◆ **Your goal**:
The data that follows must be transcribed in full and exactly, minus the pictures.

◆ **Exercise data**:
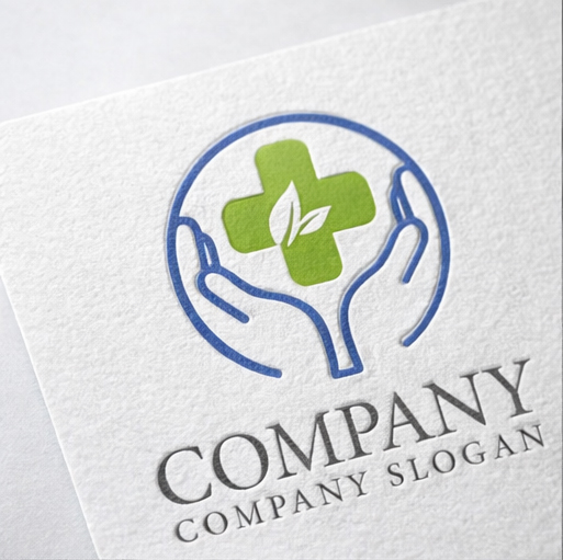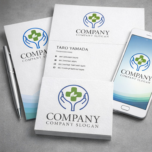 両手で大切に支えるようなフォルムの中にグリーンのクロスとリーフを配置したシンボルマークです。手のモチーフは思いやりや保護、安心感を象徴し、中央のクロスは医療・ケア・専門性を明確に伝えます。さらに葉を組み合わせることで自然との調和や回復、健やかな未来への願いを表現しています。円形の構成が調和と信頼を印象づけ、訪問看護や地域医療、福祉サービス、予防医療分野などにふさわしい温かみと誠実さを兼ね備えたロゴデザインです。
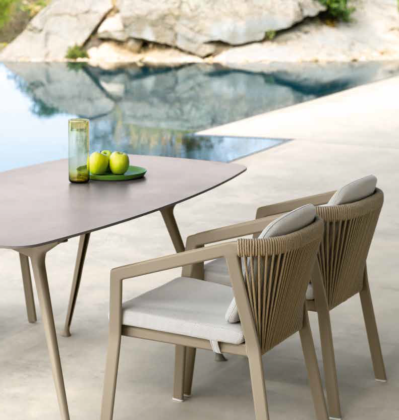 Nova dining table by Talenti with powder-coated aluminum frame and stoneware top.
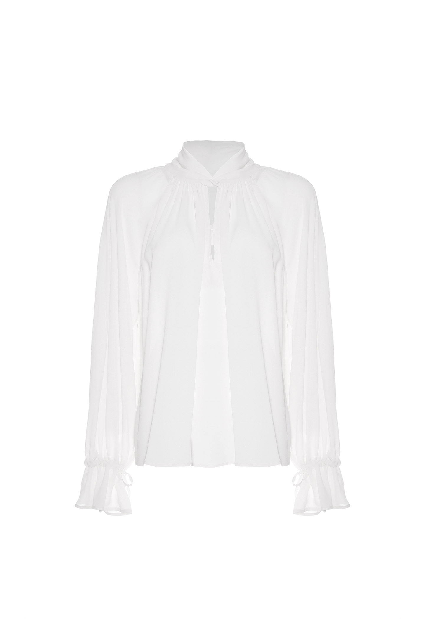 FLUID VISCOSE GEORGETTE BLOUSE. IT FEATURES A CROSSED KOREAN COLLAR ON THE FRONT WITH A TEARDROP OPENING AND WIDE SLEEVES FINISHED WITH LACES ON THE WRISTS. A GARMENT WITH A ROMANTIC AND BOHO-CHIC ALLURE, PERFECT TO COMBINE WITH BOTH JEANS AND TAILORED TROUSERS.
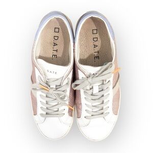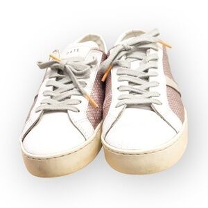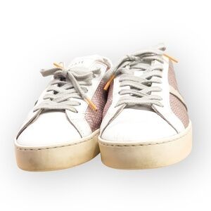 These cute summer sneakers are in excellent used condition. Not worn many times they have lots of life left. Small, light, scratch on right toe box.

◆ **Task solution**:
 両手で大切に支えるようなフォルムの中にグリーンのクロスとリーフを配置したシンボルマークです。手のモチーフは思いやりや保護、安心感を象徴し、中央のクロスは医療・ケア・専門性を明確に伝えます。さらに葉を組み合わせることで自然との調和や回復、健やかな未来への願いを表現しています。円形の構成が調和と信頼を印象づけ、訪問看護や地域医療、福祉サービス、予防医療分野などにふさわしい温かみと誠実さを兼ね備えたロゴデザインです。
 Nova dining table by Talenti with powder-coated aluminum frame and stoneware top.
 FLUID VISCOSE GEORGETTE BLOUSE. IT FEATURES A CROSSED KOREAN COLLAR ON THE FRONT WITH A TEARDROP OPENING AND WIDE SLEEVES FINISHED WITH LACES ON THE WRISTS. A GARMENT WITH A ROMANTIC AND BOHO-CHIC ALLURE, PERFECT TO COMBINE WITH BOTH JEANS AND TAILORED TROUSERS.
 These cute summer sneakers are in excellent used condition. Not worn many times they have lots of life left. Small, light, scratch on right toe box.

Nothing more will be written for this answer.